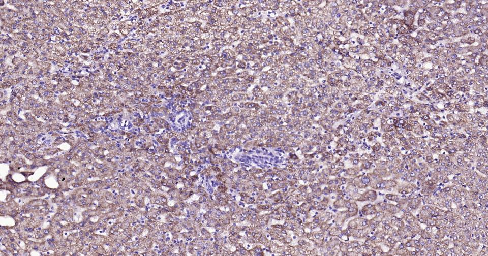Paraformaldehyde-fixed, paraffin embedded Rat Liver; Antigen retrieval by boiling in sodium citrate buffer (pH6.0) for 15 min; Antibody incubation with ABAT Monoclonal Antibody, Unconjugated(bsm-62069R) at 1:200 overnight at 4°C, followed by conjugation to the bs-0295G-HRP and DAB (C-0010) staining.
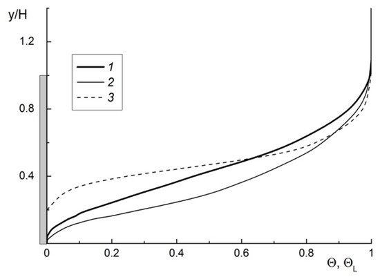 The transverse profiles of gas and droplet ΘL temperatures in the droplet-laden mist flow in a backward-facing step. d1 = 30 mm, Stk = 0.28, x/H = 2. 1: single-phase flow (ML1 = 0); 2: gas phase (ML1 = 0.05): 3: water droplets.
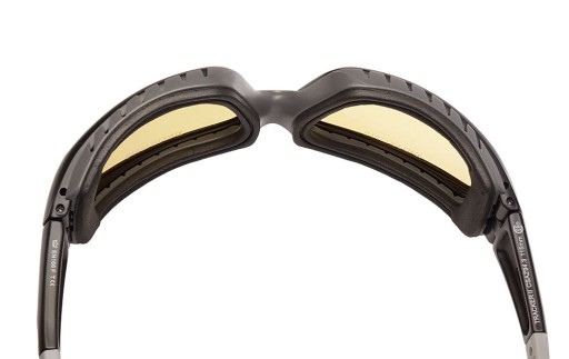 Окуляри мають змінні лінзи з полікарбонату товщиною 2,2 мм. Зчеплення з обличчям забезпечує знімний жорсткий спонж EVA з вентиляційними отворами. Вентильовані бічні щитки забезпечують додатковий захист.

= TASK DESCRIPTION =
All lines from the line containing "The transverse profiles" through the end of the listing above are to be given again exactly; pictures are not part of the copy.

= SOLUTION TO THIS EXERCISE =
 The transverse profiles of gas and droplet ΘL temperatures in the droplet-laden mist flow in a backward-facing step. d1 = 30 mm, Stk = 0.28, x/H = 2. 1: single-phase flow (ML1 = 0); 2: gas phase (ML1 = 0.05): 3: water droplets.
 Окуляри мають змінні лінзи з полікарбонату товщиною 2,2 мм. Зчеплення з обличчям забезпечує знімний жорсткий спонж EVA з вентиляційними отворами. Вентильовані бічні щитки забезпечують додатковий захист.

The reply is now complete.